Le 13 juin 2004, les Hongrois participent pour la première fois à l’élection du Parlement européen, où ils disposent de 24 sièges, mais le taux d’abstention est élevé (61,52 p. 100). Le parti de droite de Viktor Orban, le Fidesz, l’emporte largement avec 47,41 p. 100 des suffrages (12 sièges), devant les partis de la coalition au pouvoir, les sociaux-démocrates du MSZP (34,31 p. 100 des suffrages, 12 sièges) et les centristes du SZDSZ (7,72 p. 100, 2 sièges). La défaite du MSZP contribue à la mise à l’écart du Premier ministre Peter Medgyessy au mois d’août, qui est remplacé par Ferenc Gyurcsány. Âgé de 43 ans, ancien dirigeant des Jeunesses communistes devenu un entrepreneur millionnaire, il incarne une nouvelle génération de gauche qui entend concilier compétitivité et justice sociale. Prenant ses distances avec la politique américaine, contrairement à l’ensemble des dirigeants des pays d’Europe centrale et orientale, il annonce le retrait des troupes hongroises d’Irak d’ici mars 2005. Au mois de décembre 2004, la Hongrie ratifie le traité constitutionnel européen par voie parlementaire.

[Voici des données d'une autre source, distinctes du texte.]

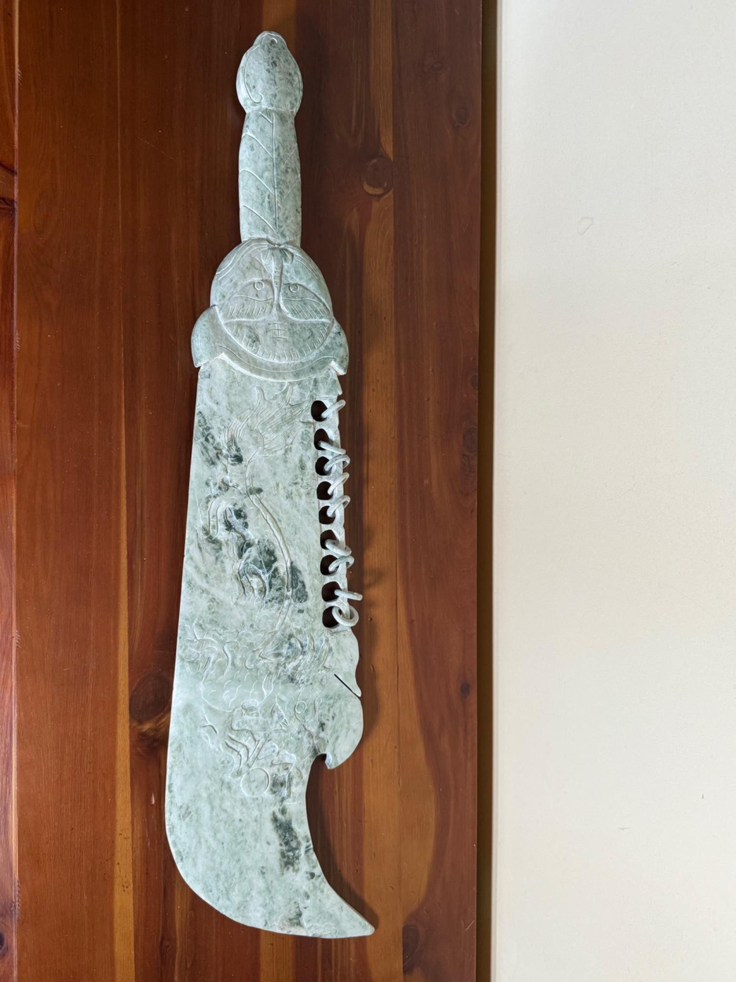 Beautifully carved Chinese jade dragon sword crafted from jadeite or jade-like stone with soft green-white marbling. Features a detailed dragon in relief, representing strength and protection in Chinese culture. The pierced spine adds visual depth, while the hilt displays a mythical guardian face and stylized leaf pommel, enhancing its ceremonial style. Details: Material: Chinese jade or jade-like stone Dimensions: 31.5” long x 8” wide Style: Chinese ceremonial/ornamental sword
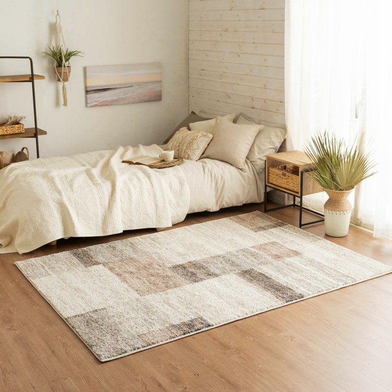 お部屋に取り入れやすいサイズ感。 一人暮らしのワンルームや、リビングや寝室、ダイニングにも敷きやすい万能サイズです。
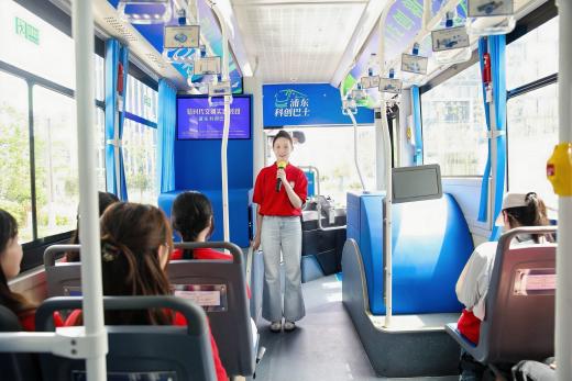 在浦东城市规划和公共艺术中心,宣讲团成员通过“数字沙盘”“全息投影”等科技手段,沉浸式回顾了浦东从“阡陌农田”到“世界标杆”的蝶变历程。随后,老师和同学们登上以“科技蓝”为主色调的新时代文明实践线路浦东科创巴士,开启“理论+实践”的双轨宣讲之旅。马克思主义学生理论宣讲团李姝凝、赵文杰等同学进行了宣讲展示,带领大家用“滩涂上第一枚火箭”“无限不循环的π”“中国芯点亮中国梦”“不断进化的具身智能”“大科学装置的组团出道”等故事,串联起浦东的科创历程。
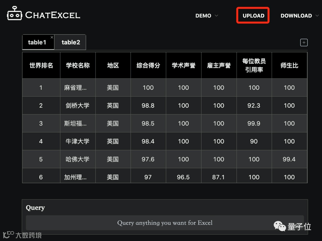 进入主页面后,网站默认展示demo,点击UPLOAD就能上传自己的表格。格式需要是标准Excel文件。
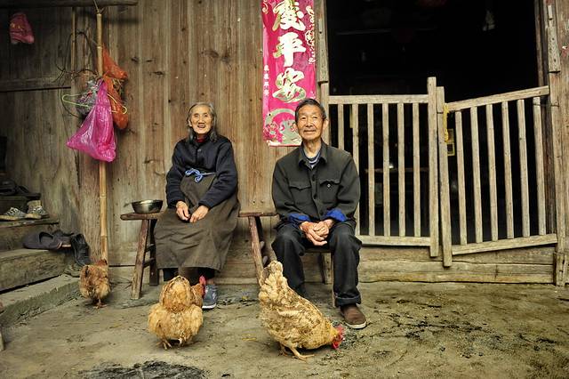 我们和老阿嫲聊了起来,原来,他们老夫妻俩都已经80几岁了,没看出来,真是好山好水养好人哪!看到我们的相机都对着自己拍,老阿嫲索性放下手里的活计,喊来老伴儿一起坐在墙根儿,笑咪咪的让我们拍个够。
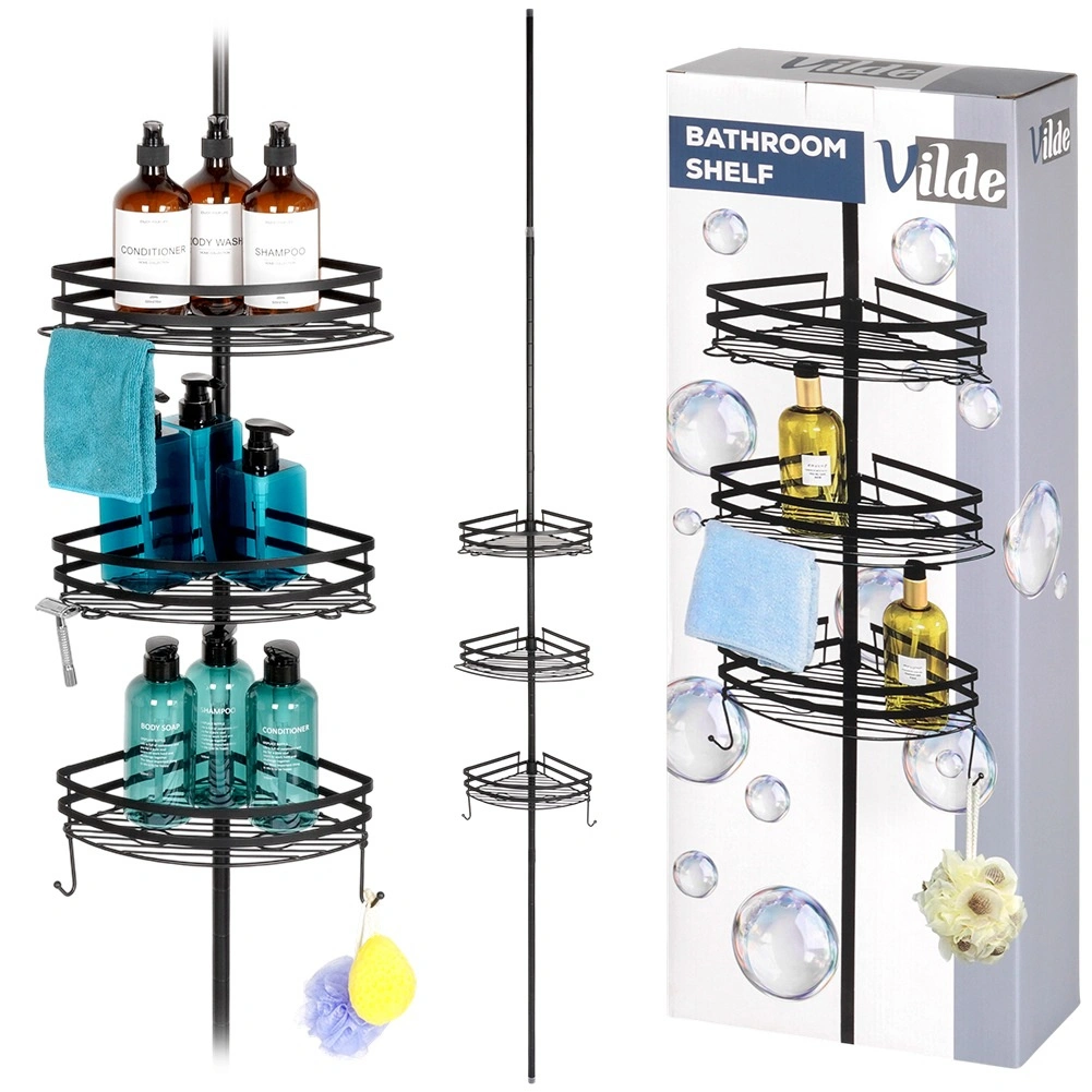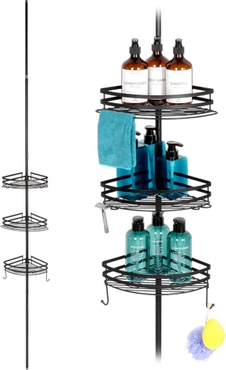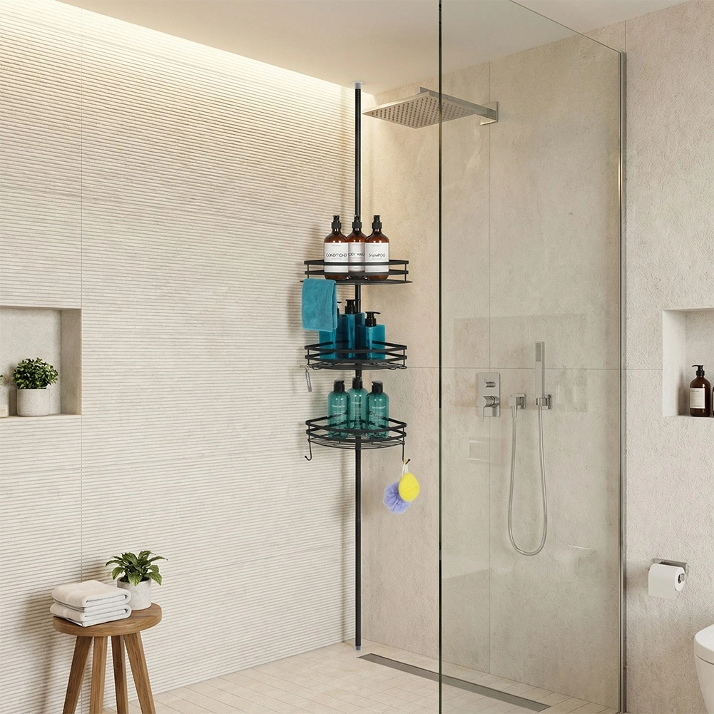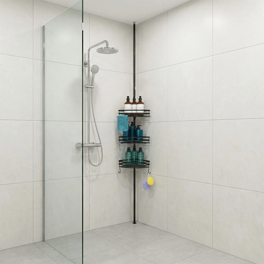 Usporiadajte si kúpeľňu štýlovo a funkčne. Táto rohová sprchová polica s teleskopickou tyčou sa montuje bez vŕtania – stačí ju rozpierať medzi podlahu a strop. Regulovateľná výška umožní presne prispôsobiť umiestnenie políc vašej sprche či kúpeľni, zatiaľ čo matné čierne kovové prevedenie dodá moderný vzhľad a dlhú životnosť.

Au mois de juin 2005, László Sólyom, candidat du Forum démocratique hongrois (MDF, centriste), est élu par le Parlement au poste honorifique de président de la République. Fort d’un bilan marqué par une hausse des salaires et des pensions de retraite, des investissements et du PIB (4,3 p. 100 de croissance en 2005), la coalition au pouvoir sort victorieuse des élections législatives d’avril 2006, qui voient pour la première fois dans l’histoire de la Hongrie postcommuniste la reconduction du gouvernement en place. La coalition de Ferenc Gyurcsány obtient 210 sièges sur 386, devant la Fidesz (164 sièges). Le Premier ministre entend mettre en œuvre un programme d’austérité afin de ramener le déficit public de 8 p. 100 à 3 p. 100 d’ici à 2008, pour satisfaire aux exigences européennes. Mais la diffusion par la radio publique hongroise d’un discours du Premier ministre tenu à huis clos, où il déclare que le gouvernement a « menti » pendant la campagne électorale sur la situation économique du pays et sur ce projet de plan d’austérité à mettre en œuvre après les élections, provoque des émeutes au mois de septembre 2006, notamment à Budapest.